User research ensures your Documentation reflects how people actually think, work, and struggle - so your docs help users succeed, not just understand. Remember: documentation is only successful if it works for real users - not if it’s merely correct.

Without research, docs tend to:

  • Skip steps that feel “obvious”
  • Assume background knowledge
  • Use internal terminology

User research exposes:

  • Where users get confused
  • What concepts need more explanation
  • Which steps are actually non-obvious

Data sources:

  • User interviews or surveys
  • Support tickets / FAQs
  • Analytics (pages visited, common drop-offs)
  • Observing users using your product
  • Your own experience (if you are part of the target group)

You can condense user research into:

  • User Personas
  • User Stories
  • User Journey Maps

Note

You cannot meet every user’s needs, so it is recommended to prioritize the users that are most important to the product or business.

User Personas

A user persona is a fictional character that represents the ideal user/reader. To build a persona, compile a list of essential characteristics:

  • Name
  • Age range
  • Role (developer, administrator)
  • Skill level (beginner, intermediate, expert)
  • Context of use (work, hobby, study, time pressure)

User Persona template by Konrad: example

User Stories

User stories are short written summaries of what a user is trying to achieve and what they need to do so.

Template:

As a [type of users], I want [activity] so that I can [goal].

Example:

As a developer, I want to integrate SAP data with my smartphone so that I can maintain customer master data or sales order when on the road, visiting customer.

User Journey Maps

A user journey map is a diagram showing the path a user takes through a product while trying to accomlish a task.

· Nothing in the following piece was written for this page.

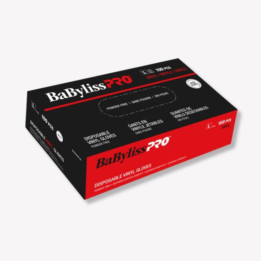 BaBylissPRO® disposable white vinyl gloves offer superior elasticity, while the lightweight material provides a high level of sensitivity. Powder-free and with rolled cuffs, these ambidextrous gloves are ideal for hair coloring. Box of 100 units, size Large.

User journey maps are a cummulation of Friction Logs.

To create a user journey (according to “Docs for Developers”):

  1. Define a task.
  2. List the channels a user may interact with, e.g., websites, docs, the app itself.
  3. List all steps a user takes through each channel, e.g., discover, sing up, install, configure, test, run, review).
  4. List the user experience for each step, e.g., what they do, feel, think.
  5. Connect the channels, steps and experiences in a flow.

Example: user journey

Tip

There are template for user personas and user journey maps in Miro.